*** DATA SUPPLIED ***

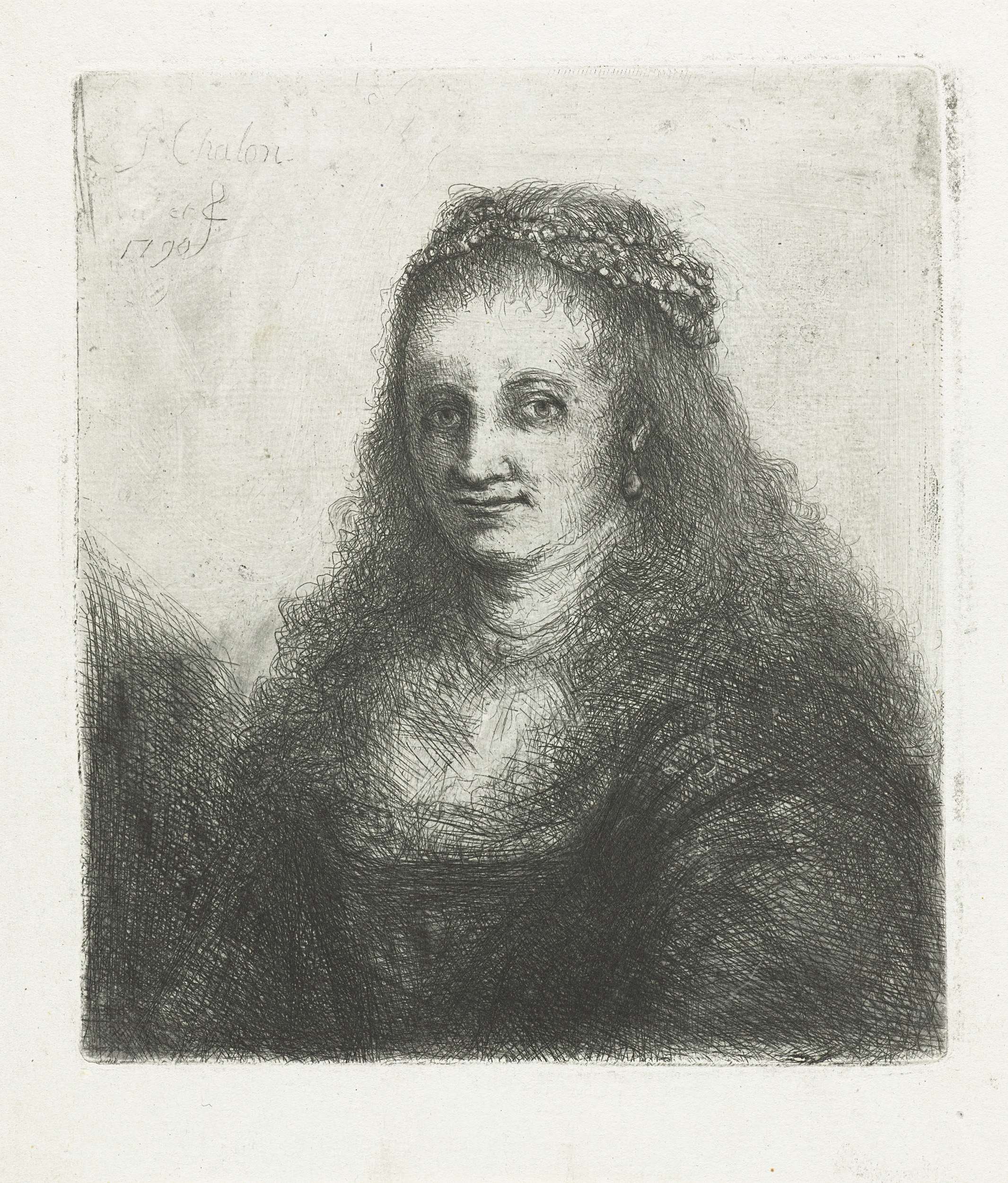 Een jonge vrouw. Buste naar links. Ze draagt een parelsnoer in het haar.
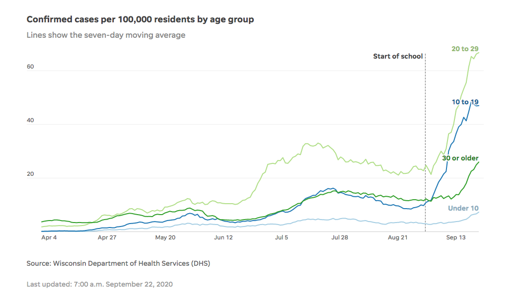 △威斯康星州(Wisconsin)衛(wèi)生服務(wù)部的統(tǒng)計數(shù)據(jù)顯示,自該州的大學(xué)校園陸續(xù)重啟后,新冠新增感染病例開始直線上升。
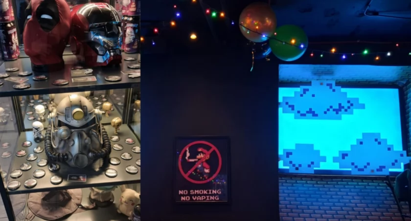 To zdecydowanie coś więcej niż klasyczny bar — to przestrzeń, która celebruje kulturę gier i popkultury. W środku znajdziesz konsolowe stacje do gier, automaty retro, a także bogatą kolekcję gier planszowych. Atmosfera jest luźna i przyjazna, a wnętrze urządzone w stylu nawiązującym do klasycznych gier wideo i kultowych symboli geekowych — od neonów przypominających arcade’y po dekoracje z kultowych produkcji.
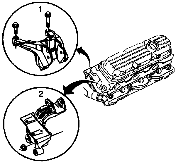 5. Install the engine mount strut bracket and nuts (2), if applicable.
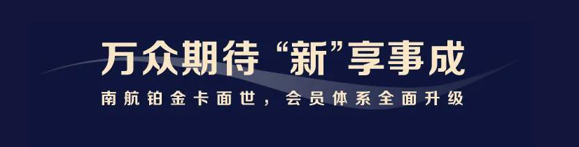 今天我们的会员大家庭迎来了全新成员——南航铂金卡,同时南航会员体系全面升级,助您“新”享事成!
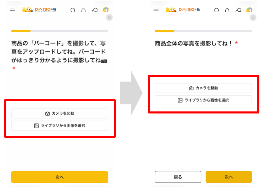 1. 商品のバーコードを読み取る!ライブラリからも選択できます。
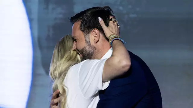 Vance then made his way onto the stage and embraced Erika, with onlookers taken aback by the length of their hug, which also saw the politician placing his hands on the mother-of-two’s hips, whilst she seemingly ran her hands through his hair.
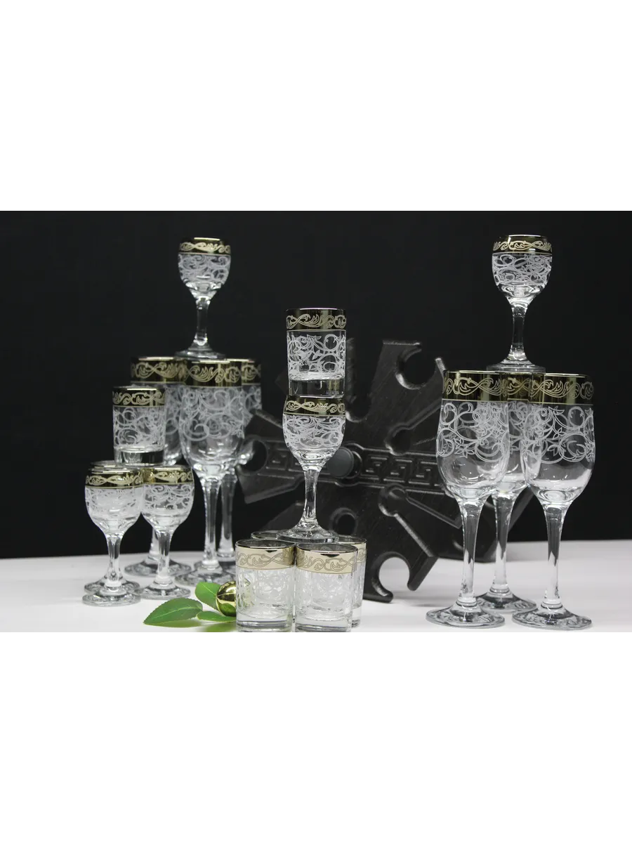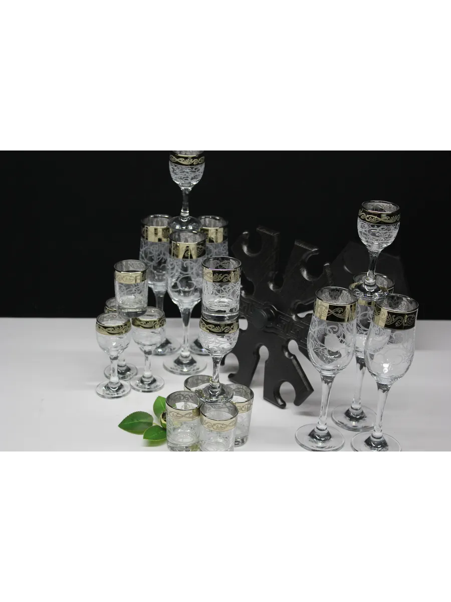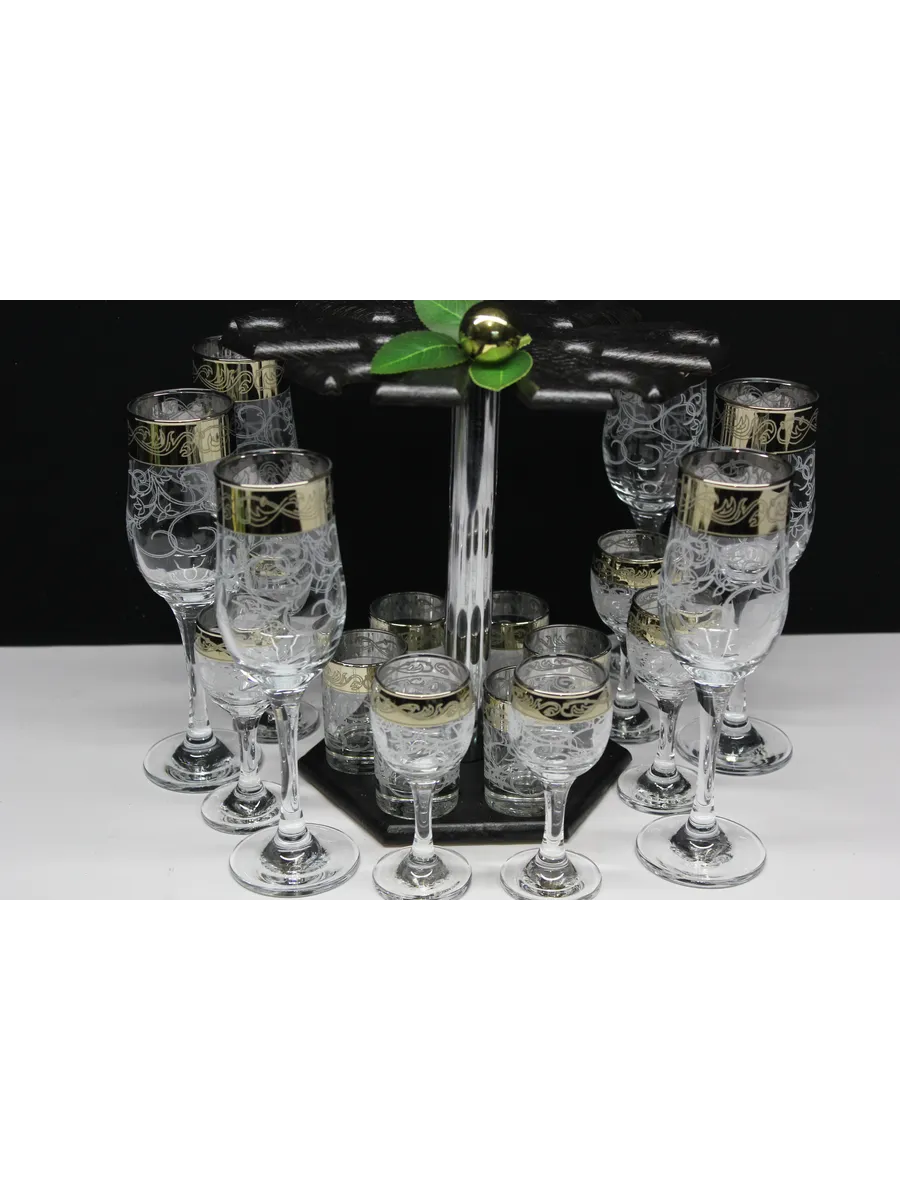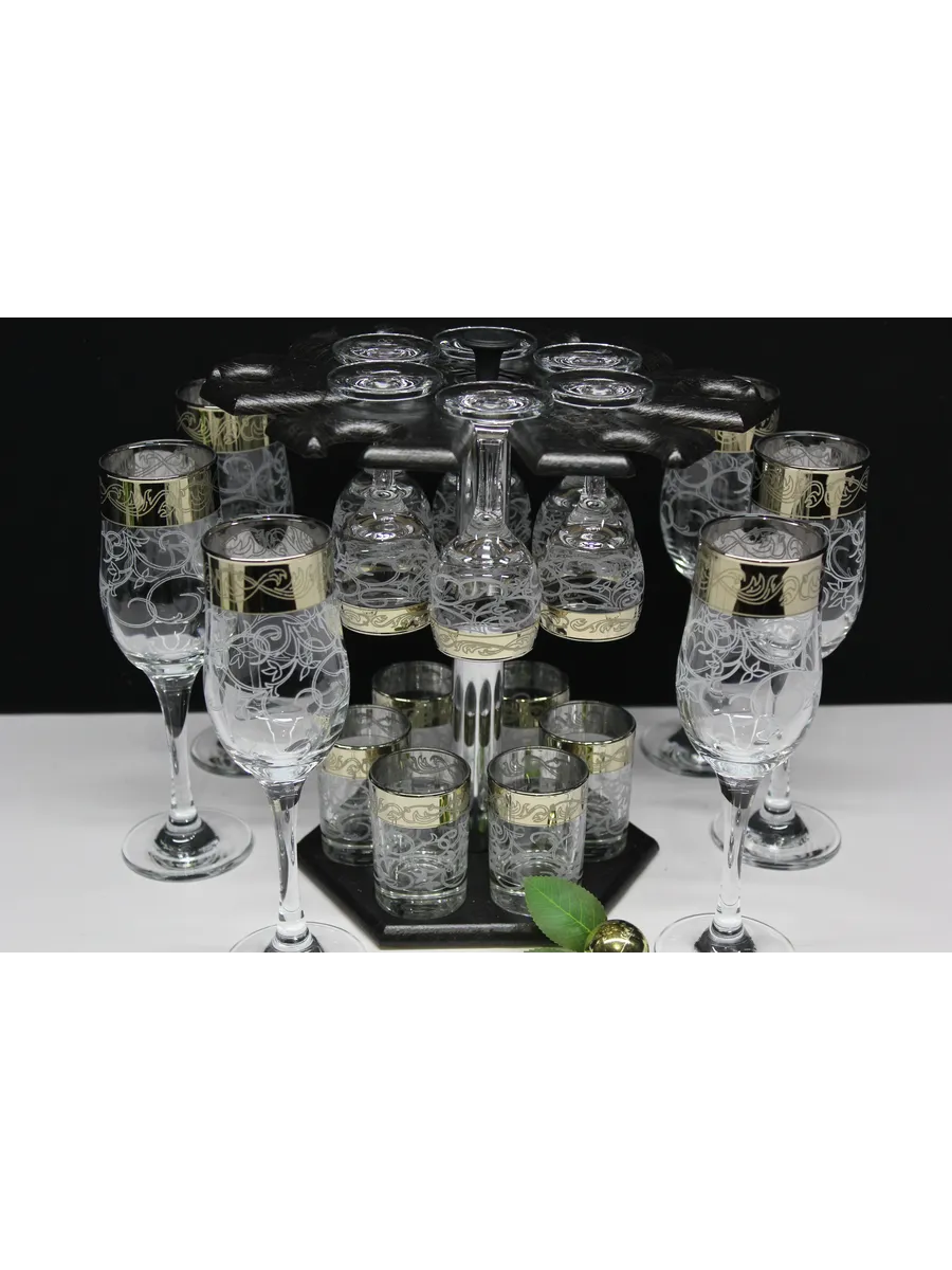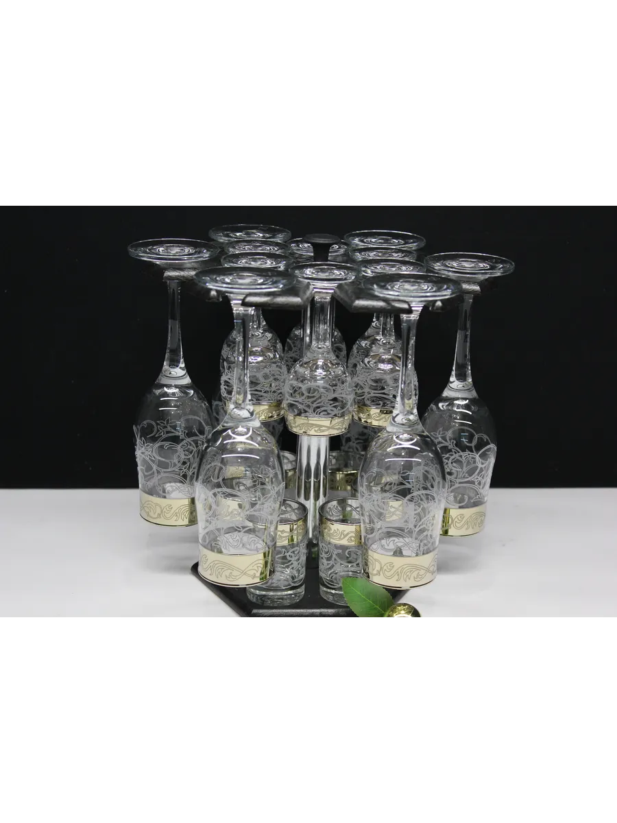 Барный набор "Карусель" 18 предметов из 6 бокалов, 6 рюмок и 6 стопок с гравировкой и золотым напылением на барной стойке из МДФ - это не только функциональная вещь, но и настоящий предмет искусства, который будет радовать глаз и душу на многие годы. Закажите сейчас и наслаждайтесь настоящими напитками в стильном и роскошном дизайне!
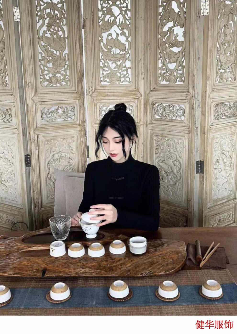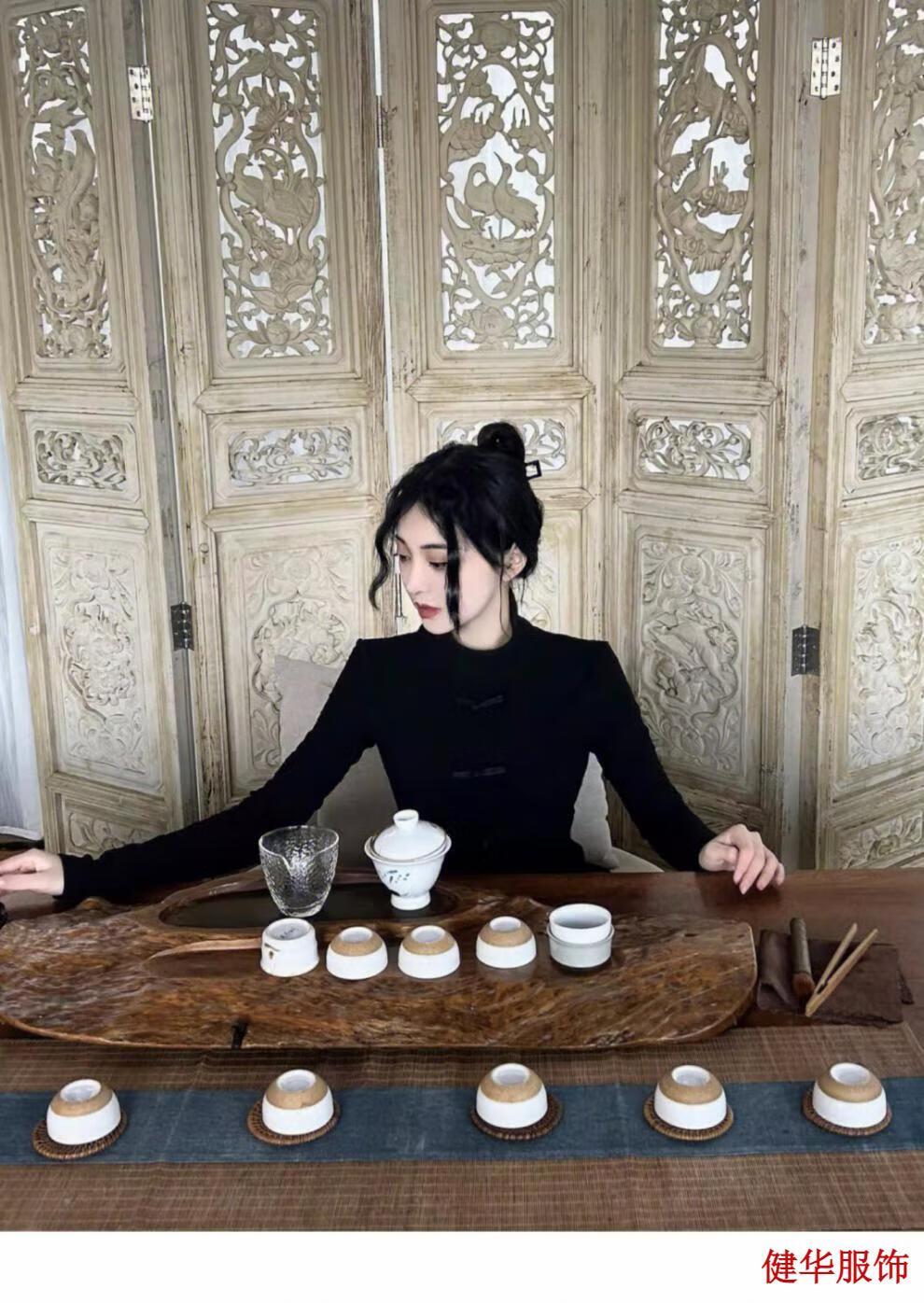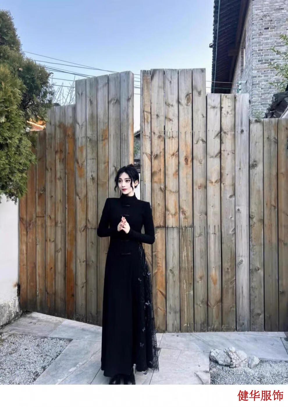 Yinchu early autumn new Chinese style women's clothing, chic and unique national style cheongsam, Buddhist Zen tea dress, autumn and winter style, black-cheongsam S 160
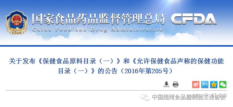 食药总局关于发布《保健食品原料目录(一)》和《允许保健食品声称的保健功能目录(一)》的公告(2016年第205号)

*** End of DATA SUPPLIED ***

All entries need to be duplicated exactly, apart from the images.

SOLUTION TO THIS PROBLEM –
 Een jonge vrouw. Buste naar links. Ze draagt een parelsnoer in het haar.
 △威斯康星州(Wisconsin)衛(wèi)生服務(wù)部的統(tǒng)計數(shù)據(jù)顯示,自該州的大學(xué)校園陸續(xù)重啟后,新冠新增感染病例開始直線上升。
 To zdecydowanie coś więcej niż klasyczny bar — to przestrzeń, która celebruje kulturę gier i popkultury. W środku znajdziesz konsolowe stacje do gier, automaty retro, a także bogatą kolekcję gier planszowych. Atmosfera jest luźna i przyjazna, a wnętrze urządzone w stylu nawiązującym do klasycznych gier wideo i kultowych symboli geekowych — od neonów przypominających arcade’y po dekoracje z kultowych produkcji.
 5. Install the engine mount strut bracket and nuts (2), if applicable.
 今天我们的会员大家庭迎来了全新成员——南航铂金卡,同时南航会员体系全面升级,助您“新”享事成!
 1. 商品のバーコードを読み取る!ライブラリからも選択できます。
 Vance then made his way onto the stage and embraced Erika, with onlookers taken aback by the length of their hug, which also saw the politician placing his hands on the mother-of-two’s hips, whilst she seemingly ran her hands through his hair.
 Барный набор "Карусель" 18 предметов из 6 бокалов, 6 рюмок и 6 стопок с гравировкой и золотым напылением на барной стойке из МДФ - это не только функциональная вещь, но и настоящий предмет искусства, который будет радовать глаз и душу на многие годы. Закажите сейчас и наслаждайтесь настоящими напитками в стильном и роскошном дизайне!
 Yinchu early autumn new Chinese style women's clothing, chic and unique national style cheongsam, Buddhist Zen tea dress, autumn and winter style, black-cheongsam S 160
 食药总局关于发布《保健食品原料目录(一)》和《允许保健食品声称的保健功能目录(一)》的公告(2016年第205号)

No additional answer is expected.